- **What to work on**:
Return the whole listing unchanged. Drop the images.
■ ■ ■ ■
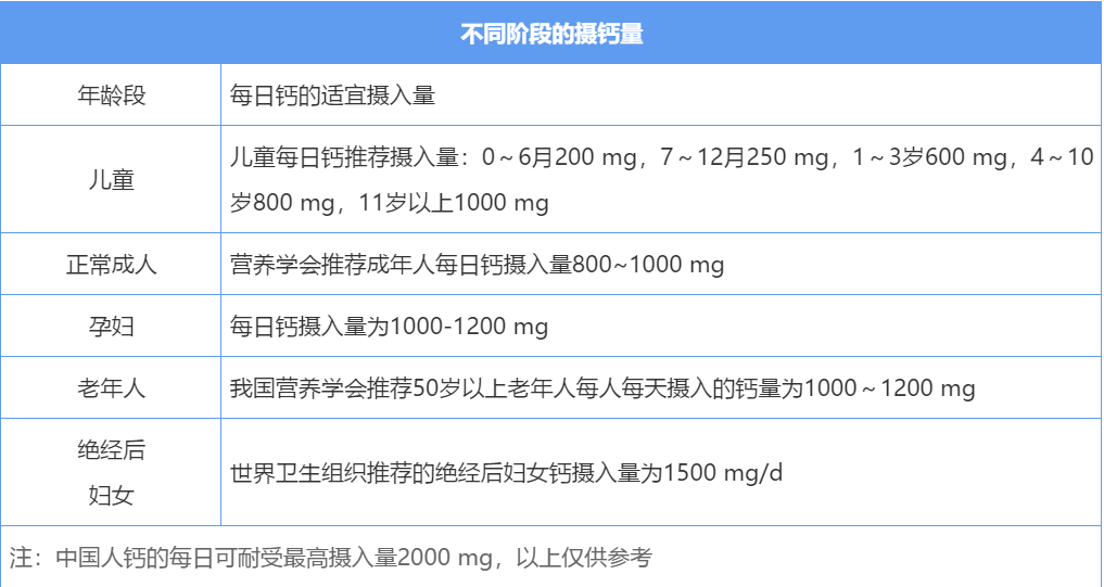 以上不同阶段的人群每日摄取补钙量建议如下表:
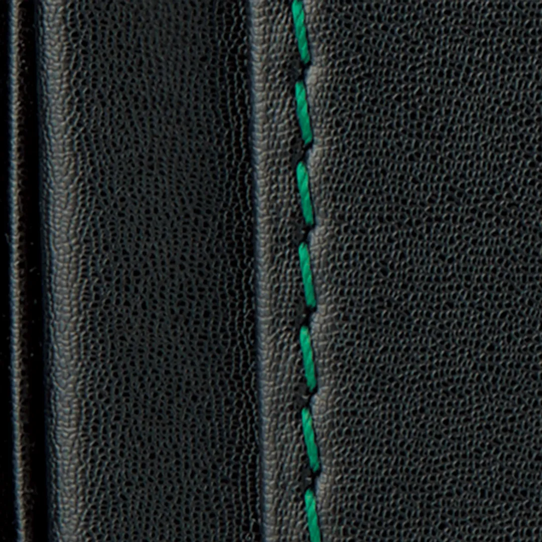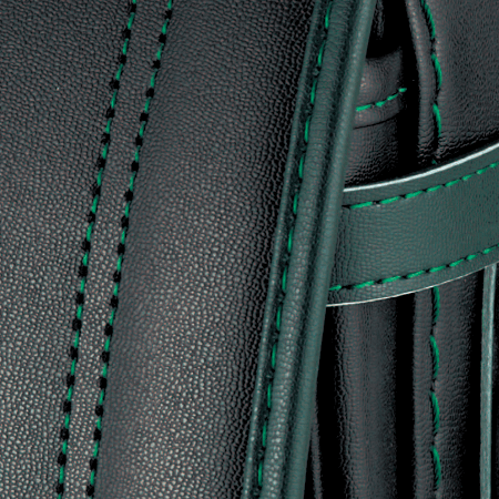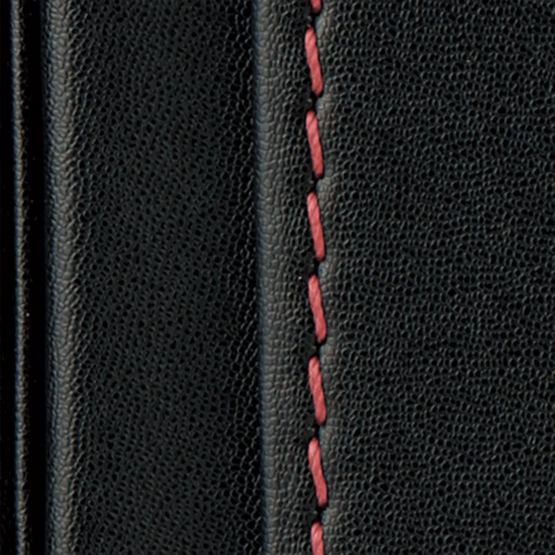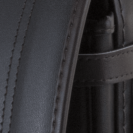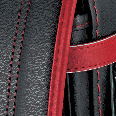 背あては肌あたりと通気性のよい「ふっくら天然牛革」を使用。クールな印象とは反対に、背中をやさしくつつみます。厳しい色落ち試験をクリアしているので、衣類への色移りも心配ありません。
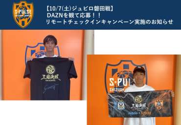【10/7(土)ジュビロ磐田戦】DAZNを観て応募!! リモートチェックインキャンペーン実施のお知らせ
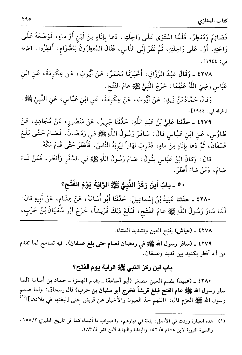 4279 - (سافر رسول الله - صلى الله عليه وسلم - في رمضان فصام حتى بلغ عسفان). فيه تسامح لما تقدم من أنه أفطر بكديد بين قديد وعسفان.
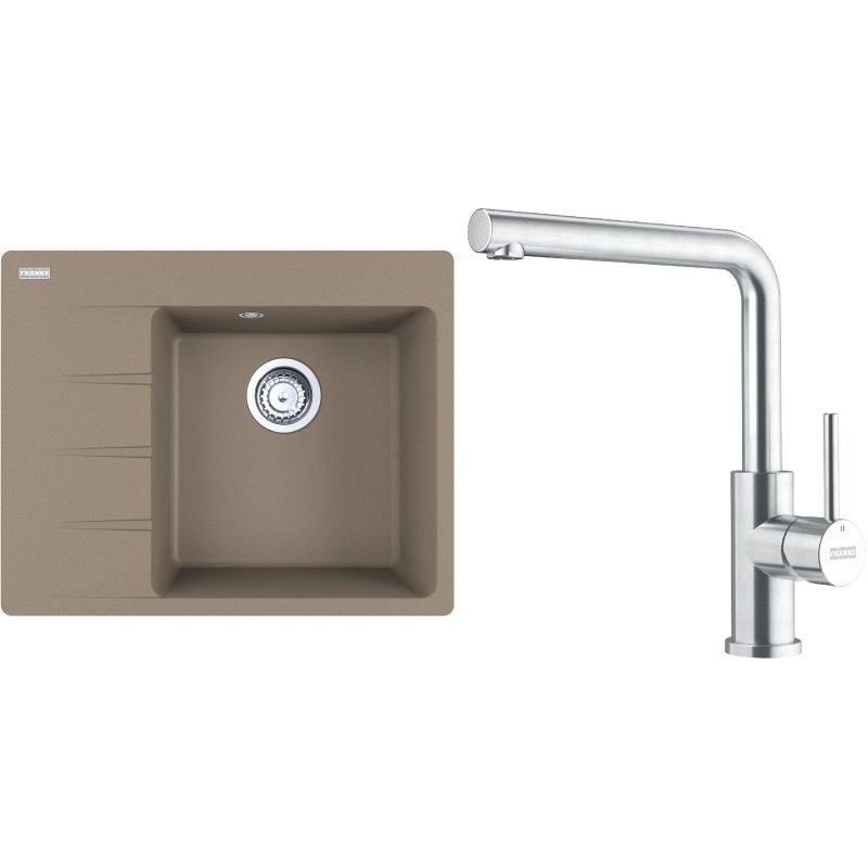 Cenově zvýhodněný set Franke G281KA obsahuje granitový dřez s odkapem CNG 611-62 TL/7 Kašmír a baterii FC 6985.501 SMART GLENDA Celonerez.
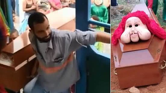 Em dado momento, o corpo é levado para a carreta da Alegria, carregado, inclusive por um homem vestido de Goku. O cortejo recebe aplausos e, antes do caixão ser enterrado, uma pessoa coloca a máscara do Fofão sobre a urna.
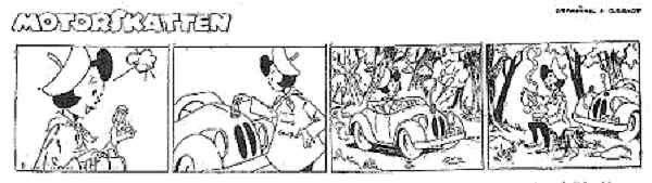 Bramming was additionally present in Motorjournalen with the comic strip 'Motorskatten' (1954), about an inventive young lady and her small sports car. The plots were written in cooperation with journalist Wilhelm Grandt. He also made many humorous drawings for collection books published by the Danmarks coffee surrogate factory. He turned freelance in 1956, and spent the next decades working for magazines like Familie-Journalen and Toldtidende.
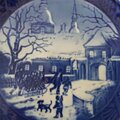 絵柄は、デンマークで初めて室内にクリスマスツリーが飾られた歴史を持つ「ホルスタイン宮殿(マナーハウス)」がモチーフ。雪景色の中、そりに積んだモミの木を運び、宮殿へ向かう家族の姿が、深いコバルトブルーの濃淡で情緒豊かに描かれています。家族の温かい愛とクリスマスの喜びが伝わるデザインです。
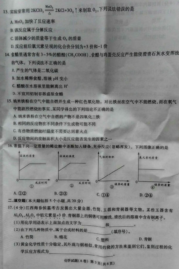 2018重庆中考化学试题及答案汇总:2018年重庆中考已结束,新东方在线中考网小编将2018重庆中考化学试题及答案整理如下,供考生参考。
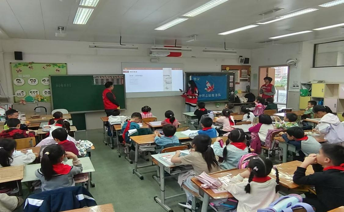 接下来,小朋友们观看了关于乡村振兴志愿服务的专题视频。通过视频,直观地了解了志愿服务的具体工作内容,例如:教育支持、健康服务、文化传承和经济扶持等,深刻体会到了志愿服务对推动乡村发展的重要作用。随后,青鸽志愿服务队的队员们进一步深入地讲解了志愿服务的实践内容,详细介绍了全国老员工“乡村振兴”志愿服务项目中的各项具体任务,包括主题宣讲、实地考察、走访调研、摆摊宣讲、推普课堂等。通过讲解,小朋友们对乡村振兴有了更加全面而深刻的理解,也激发了他们对参与社会公益事业的热情和向往。
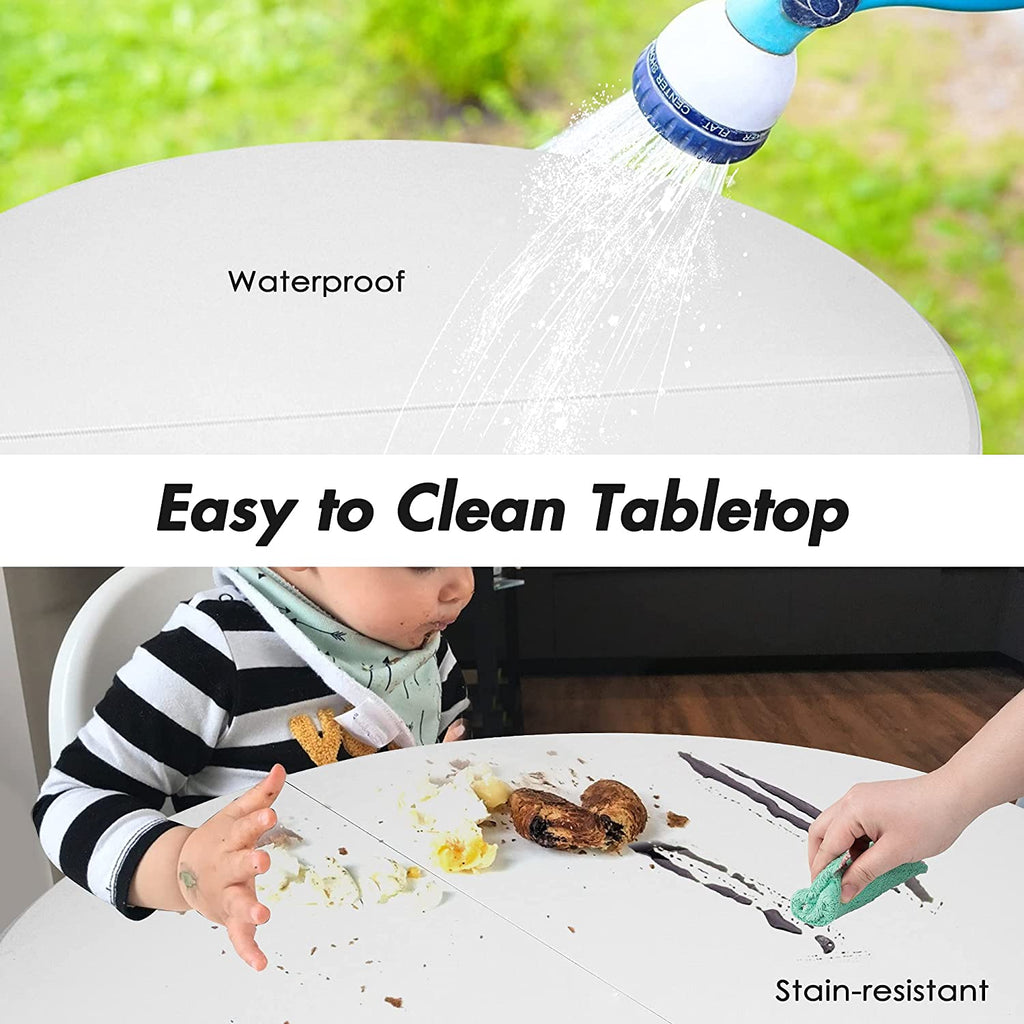 Durable Table: Stain-resistant and waterproof tabletop is easy to clean and can be used without a tablecloth. With the resin tabletop, you don’t worry about the inevitable spills and banging spoons
■ ■ ■ ■
- **Solution to this exercise**:
 以上不同阶段的人群每日摄取补钙量建议如下表:
 背あては肌あたりと通気性のよい「ふっくら天然牛革」を使用。クールな印象とは反対に、背中をやさしくつつみます。厳しい色落ち試験をクリアしているので、衣類への色移りも心配ありません。
【10/7(土)ジュビロ磐田戦】DAZNを観て応募!! リモートチェックインキャンペーン実施のお知らせ
 4279 - (سافر رسول الله - صلى الله عليه وسلم - في رمضان فصام حتى بلغ عسفان). فيه تسامح لما تقدم من أنه أفطر بكديد بين قديد وعسفان.
 Cenově zvýhodněný set Franke G281KA obsahuje granitový dřez s odkapem CNG 611-62 TL/7 Kašmír a baterii FC 6985.501 SMART GLENDA Celonerez.
 Em dado momento, o corpo é levado para a carreta da Alegria, carregado, inclusive por um homem vestido de Goku. O cortejo recebe aplausos e, antes do caixão ser enterrado, uma pessoa coloca a máscara do Fofão sobre a urna.
 Bramming was additionally present in Motorjournalen with the comic strip 'Motorskatten' (1954), about an inventive young lady and her small sports car. The plots were written in cooperation with journalist Wilhelm Grandt. He also made many humorous drawings for collection books published by the Danmarks coffee surrogate factory. He turned freelance in 1956, and spent the next decades working for magazines like Familie-Journalen and Toldtidende.
 絵柄は、デンマークで初めて室内にクリスマスツリーが飾られた歴史を持つ「ホルスタイン宮殿(マナーハウス)」がモチーフ。雪景色の中、そりに積んだモミの木を運び、宮殿へ向かう家族の姿が、深いコバルトブルーの濃淡で情緒豊かに描かれています。家族の温かい愛とクリスマスの喜びが伝わるデザインです。
 2018重庆中考化学试题及答案汇总:2018年重庆中考已结束,新东方在线中考网小编将2018重庆中考化学试题及答案整理如下,供考生参考。
 接下来,小朋友们观看了关于乡村振兴志愿服务的专题视频。通过视频,直观地了解了志愿服务的具体工作内容,例如:教育支持、健康服务、文化传承和经济扶持等,深刻体会到了志愿服务对推动乡村发展的重要作用。随后,青鸽志愿服务队的队员们进一步深入地讲解了志愿服务的实践内容,详细介绍了全国老员工“乡村振兴”志愿服务项目中的各项具体任务,包括主题宣讲、实地考察、走访调研、摆摊宣讲、推普课堂等。通过讲解,小朋友们对乡村振兴有了更加全面而深刻的理解,也激发了他们对参与社会公益事业的热情和向往。
 Durable Table: Stain-resistant and waterproof tabletop is easy to clean and can be used without a tablecloth. With the resin tabletop, you don’t worry about the inevitable spills and banging spoons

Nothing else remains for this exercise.